§ **THE TASK**
Type out each entry exactly.

§ **DATA FOR ANALYSIS**
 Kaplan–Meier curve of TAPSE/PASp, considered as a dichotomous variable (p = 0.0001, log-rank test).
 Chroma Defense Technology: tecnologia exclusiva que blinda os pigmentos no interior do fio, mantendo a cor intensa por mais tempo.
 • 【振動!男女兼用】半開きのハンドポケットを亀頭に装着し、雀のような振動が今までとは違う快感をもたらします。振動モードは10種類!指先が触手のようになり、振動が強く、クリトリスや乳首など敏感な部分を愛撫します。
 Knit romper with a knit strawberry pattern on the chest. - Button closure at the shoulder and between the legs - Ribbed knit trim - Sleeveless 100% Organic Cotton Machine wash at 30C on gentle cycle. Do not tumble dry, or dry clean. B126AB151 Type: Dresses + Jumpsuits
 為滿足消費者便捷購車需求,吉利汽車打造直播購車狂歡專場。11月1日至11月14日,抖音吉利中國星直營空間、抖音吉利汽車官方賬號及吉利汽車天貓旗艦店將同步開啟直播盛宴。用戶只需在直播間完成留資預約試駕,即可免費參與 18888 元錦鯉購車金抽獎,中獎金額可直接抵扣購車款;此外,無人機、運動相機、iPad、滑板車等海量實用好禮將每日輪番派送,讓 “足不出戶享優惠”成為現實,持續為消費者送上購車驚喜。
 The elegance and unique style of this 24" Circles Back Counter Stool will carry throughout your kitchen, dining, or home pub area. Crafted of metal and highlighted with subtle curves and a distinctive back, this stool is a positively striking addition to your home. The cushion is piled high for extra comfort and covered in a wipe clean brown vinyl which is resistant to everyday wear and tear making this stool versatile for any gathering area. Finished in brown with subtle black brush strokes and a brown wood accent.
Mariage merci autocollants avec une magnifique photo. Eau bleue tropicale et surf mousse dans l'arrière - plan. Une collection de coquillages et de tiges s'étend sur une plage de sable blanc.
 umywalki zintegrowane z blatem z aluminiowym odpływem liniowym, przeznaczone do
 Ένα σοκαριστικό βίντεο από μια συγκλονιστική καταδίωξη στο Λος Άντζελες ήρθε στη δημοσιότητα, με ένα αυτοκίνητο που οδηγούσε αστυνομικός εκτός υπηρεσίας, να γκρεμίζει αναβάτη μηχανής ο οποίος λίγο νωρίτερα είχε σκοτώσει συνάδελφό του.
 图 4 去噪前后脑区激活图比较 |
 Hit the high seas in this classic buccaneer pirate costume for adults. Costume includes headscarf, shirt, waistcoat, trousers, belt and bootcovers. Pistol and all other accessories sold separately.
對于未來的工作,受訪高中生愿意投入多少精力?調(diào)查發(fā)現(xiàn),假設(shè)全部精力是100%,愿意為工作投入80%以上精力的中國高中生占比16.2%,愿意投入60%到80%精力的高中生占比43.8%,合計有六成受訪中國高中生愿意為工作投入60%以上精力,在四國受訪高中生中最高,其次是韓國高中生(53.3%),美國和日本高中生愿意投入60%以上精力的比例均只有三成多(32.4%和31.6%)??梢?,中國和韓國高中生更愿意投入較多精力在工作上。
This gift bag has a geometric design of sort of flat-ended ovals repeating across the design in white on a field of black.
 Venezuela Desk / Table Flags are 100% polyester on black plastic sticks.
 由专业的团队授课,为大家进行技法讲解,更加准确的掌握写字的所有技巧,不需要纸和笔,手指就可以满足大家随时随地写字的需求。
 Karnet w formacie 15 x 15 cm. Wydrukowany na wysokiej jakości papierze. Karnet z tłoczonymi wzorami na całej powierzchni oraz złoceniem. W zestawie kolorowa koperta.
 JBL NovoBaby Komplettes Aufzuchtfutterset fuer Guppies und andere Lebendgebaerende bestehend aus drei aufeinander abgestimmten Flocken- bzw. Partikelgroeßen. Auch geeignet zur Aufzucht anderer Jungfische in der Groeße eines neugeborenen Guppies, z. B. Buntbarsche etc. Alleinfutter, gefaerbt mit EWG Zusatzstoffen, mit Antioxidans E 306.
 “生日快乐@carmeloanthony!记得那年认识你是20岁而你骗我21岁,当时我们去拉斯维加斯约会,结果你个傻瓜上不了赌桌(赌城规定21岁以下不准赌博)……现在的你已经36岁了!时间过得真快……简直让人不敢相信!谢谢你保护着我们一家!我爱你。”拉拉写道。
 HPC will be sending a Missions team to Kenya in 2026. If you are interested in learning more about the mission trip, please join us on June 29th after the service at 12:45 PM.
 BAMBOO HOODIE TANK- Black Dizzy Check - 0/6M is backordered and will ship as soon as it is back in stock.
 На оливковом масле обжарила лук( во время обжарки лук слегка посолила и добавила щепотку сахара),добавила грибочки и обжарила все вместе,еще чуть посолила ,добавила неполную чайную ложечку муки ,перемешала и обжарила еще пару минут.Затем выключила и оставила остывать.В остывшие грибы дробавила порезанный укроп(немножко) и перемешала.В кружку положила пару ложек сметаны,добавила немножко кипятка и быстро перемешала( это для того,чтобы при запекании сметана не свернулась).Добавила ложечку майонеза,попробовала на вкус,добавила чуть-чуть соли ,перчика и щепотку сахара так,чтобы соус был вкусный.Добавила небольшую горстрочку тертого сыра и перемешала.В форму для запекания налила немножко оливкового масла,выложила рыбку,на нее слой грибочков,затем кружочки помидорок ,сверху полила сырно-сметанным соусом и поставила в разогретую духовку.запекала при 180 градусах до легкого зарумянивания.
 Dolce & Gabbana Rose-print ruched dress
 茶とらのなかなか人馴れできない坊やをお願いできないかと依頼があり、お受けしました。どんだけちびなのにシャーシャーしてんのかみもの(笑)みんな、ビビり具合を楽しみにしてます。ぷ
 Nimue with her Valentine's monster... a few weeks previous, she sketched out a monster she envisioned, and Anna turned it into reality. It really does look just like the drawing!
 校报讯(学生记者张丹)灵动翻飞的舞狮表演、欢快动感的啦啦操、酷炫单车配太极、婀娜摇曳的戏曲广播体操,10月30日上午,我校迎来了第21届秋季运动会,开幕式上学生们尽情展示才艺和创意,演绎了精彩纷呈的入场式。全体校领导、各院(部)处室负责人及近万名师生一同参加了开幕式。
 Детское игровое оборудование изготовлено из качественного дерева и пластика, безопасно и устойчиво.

§ **ANSWER FOR THIS EXERCISE**
 Kaplan–Meier curve of TAPSE/PASp, considered as a dichotomous variable (p = 0.0001, log-rank test).
 Chroma Defense Technology: tecnologia exclusiva que blinda os pigmentos no interior do fio, mantendo a cor intensa por mais tempo.
 • 【振動!男女兼用】半開きのハンドポケットを亀頭に装着し、雀のような振動が今までとは違う快感をもたらします。振動モードは10種類!指先が触手のようになり、振動が強く、クリトリスや乳首など敏感な部分を愛撫します。
 Knit romper with a knit strawberry pattern on the chest. - Button closure at the shoulder and between the legs - Ribbed knit trim - Sleeveless 100% Organic Cotton Machine wash at 30C on gentle cycle. Do not tumble dry, or dry clean. B126AB151 Type: Dresses + Jumpsuits
 為滿足消費者便捷購車需求,吉利汽車打造直播購車狂歡專場。11月1日至11月14日,抖音吉利中國星直營空間、抖音吉利汽車官方賬號及吉利汽車天貓旗艦店將同步開啟直播盛宴。用戶只需在直播間完成留資預約試駕,即可免費參與 18888 元錦鯉購車金抽獎,中獎金額可直接抵扣購車款;此外,無人機、運動相機、iPad、滑板車等海量實用好禮將每日輪番派送,讓 “足不出戶享優惠”成為現實,持續為消費者送上購車驚喜。
 The elegance and unique style of this 24" Circles Back Counter Stool will carry throughout your kitchen, dining, or home pub area. Crafted of metal and highlighted with subtle curves and a distinctive back, this stool is a positively striking addition to your home. The cushion is piled high for extra comfort and covered in a wipe clean brown vinyl which is resistant to everyday wear and tear making this stool versatile for any gathering area. Finished in brown with subtle black brush strokes and a brown wood accent.
Mariage merci autocollants avec une magnifique photo. Eau bleue tropicale et surf mousse dans l'arrière - plan. Une collection de coquillages et de tiges s'étend sur une plage de sable blanc.
 umywalki zintegrowane z blatem z aluminiowym odpływem liniowym, przeznaczone do
 Ένα σοκαριστικό βίντεο από μια συγκλονιστική καταδίωξη στο Λος Άντζελες ήρθε στη δημοσιότητα, με ένα αυτοκίνητο που οδηγούσε αστυνομικός εκτός υπηρεσίας, να γκρεμίζει αναβάτη μηχανής ο οποίος λίγο νωρίτερα είχε σκοτώσει συνάδελφό του.
 图 4 去噪前后脑区激活图比较 |
 Hit the high seas in this classic buccaneer pirate costume for adults. Costume includes headscarf, shirt, waistcoat, trousers, belt and bootcovers. Pistol and all other accessories sold separately.
對于未來的工作,受訪高中生愿意投入多少精力?調(diào)查發(fā)現(xiàn),假設(shè)全部精力是100%,愿意為工作投入80%以上精力的中國高中生占比16.2%,愿意投入60%到80%精力的高中生占比43.8%,合計有六成受訪中國高中生愿意為工作投入60%以上精力,在四國受訪高中生中最高,其次是韓國高中生(53.3%),美國和日本高中生愿意投入60%以上精力的比例均只有三成多(32.4%和31.6%)??梢?,中國和韓國高中生更愿意投入較多精力在工作上。
This gift bag has a geometric design of sort of flat-ended ovals repeating across the design in white on a field of black.
 Venezuela Desk / Table Flags are 100% polyester on black plastic sticks.
 由专业的团队授课,为大家进行技法讲解,更加准确的掌握写字的所有技巧,不需要纸和笔,手指就可以满足大家随时随地写字的需求。
 Karnet w formacie 15 x 15 cm. Wydrukowany na wysokiej jakości papierze. Karnet z tłoczonymi wzorami na całej powierzchni oraz złoceniem. W zestawie kolorowa koperta.
 JBL NovoBaby Komplettes Aufzuchtfutterset fuer Guppies und andere Lebendgebaerende bestehend aus drei aufeinander abgestimmten Flocken- bzw. Partikelgroeßen. Auch geeignet zur Aufzucht anderer Jungfische in der Groeße eines neugeborenen Guppies, z. B. Buntbarsche etc. Alleinfutter, gefaerbt mit EWG Zusatzstoffen, mit Antioxidans E 306.
 “生日快乐@carmeloanthony!记得那年认识你是20岁而你骗我21岁,当时我们去拉斯维加斯约会,结果你个傻瓜上不了赌桌(赌城规定21岁以下不准赌博)……现在的你已经36岁了!时间过得真快……简直让人不敢相信!谢谢你保护着我们一家!我爱你。”拉拉写道。
 HPC will be sending a Missions team to Kenya in 2026. If you are interested in learning more about the mission trip, please join us on June 29th after the service at 12:45 PM.
 BAMBOO HOODIE TANK- Black Dizzy Check - 0/6M is backordered and will ship as soon as it is back in stock.
 На оливковом масле обжарила лук( во время обжарки лук слегка посолила и добавила щепотку сахара),добавила грибочки и обжарила все вместе,еще чуть посолила ,добавила неполную чайную ложечку муки ,перемешала и обжарила еще пару минут.Затем выключила и оставила остывать.В остывшие грибы дробавила порезанный укроп(немножко) и перемешала.В кружку положила пару ложек сметаны,добавила немножко кипятка и быстро перемешала( это для того,чтобы при запекании сметана не свернулась).Добавила ложечку майонеза,попробовала на вкус,добавила чуть-чуть соли ,перчика и щепотку сахара так,чтобы соус был вкусный.Добавила небольшую горстрочку тертого сыра и перемешала.В форму для запекания налила немножко оливкового масла,выложила рыбку,на нее слой грибочков,затем кружочки помидорок ,сверху полила сырно-сметанным соусом и поставила в разогретую духовку.запекала при 180 градусах до легкого зарумянивания.
 Dolce & Gabbana Rose-print ruched dress
 茶とらのなかなか人馴れできない坊やをお願いできないかと依頼があり、お受けしました。どんだけちびなのにシャーシャーしてんのかみもの(笑)みんな、ビビり具合を楽しみにしてます。ぷ
 Nimue with her Valentine's monster... a few weeks previous, she sketched out a monster she envisioned, and Anna turned it into reality. It really does look just like the drawing!
 校报讯(学生记者张丹)灵动翻飞的舞狮表演、欢快动感的啦啦操、酷炫单车配太极、婀娜摇曳的戏曲广播体操,10月30日上午,我校迎来了第21届秋季运动会,开幕式上学生们尽情展示才艺和创意,演绎了精彩纷呈的入场式。全体校领导、各院(部)处室负责人及近万名师生一同参加了开幕式。
 Детское игровое оборудование изготовлено из качественного дерева и пластика, безопасно и устойчиво.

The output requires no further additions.